The function offsets are supposed to be sorted. I'll collect the build artifacts and submit a report to Apple.

filipnavara commented 6 months ago

Feedback sent to Apple (FB13584275). For reference, here's the repro with files and a build.sh script: ld64-repro.zip

Broken linker will produce unsorted/corrupted unwind tables, which can be verified with objdump -u Baseline.

filipnavara commented 6 months ago

The bogus unwinding information comes from functions in the __unbox section. We currently don't generate any unwind information for that so presumably the linker generates its own "dummy" one and fails to sort it properly. I'll investigate whether generating it ourselves makes a difference.

Update: It does not. :/

filipnavara commented 6 months ago

Response from Apple:

Thank you for filing the feedback report. This is a bug in our linker.

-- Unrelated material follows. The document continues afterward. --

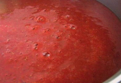 - Giet het mengsel uit de blenderkom in een geëmailleerde pan waarin we de jam gaan koken.

You can use the following workaround until a fix become available: Please use the -Wl,-Id_classic linker option

ivanpovazan commented 2 months ago

Regarding:

Maybe the right course of action for 8.0 is to use -ld_classic until ld_prime becomes more stable?

Apple announced that they are removing this linker option in https://developer.apple.com/documentation/xcode-release-notes/xcode-16-release-notes so this problem becomes more pressing.

filipnavara commented 2 months ago

Apple updated my Feedback tickets with request to try Xcode 16 and report back.

filipnavara commented 2 months ago

The original problem with corrupted unwind tables seems to be fixed [with Xcode 16 Beta 1] on the few small samples that I tried. We need to do a full run to make sure that there are no other issues.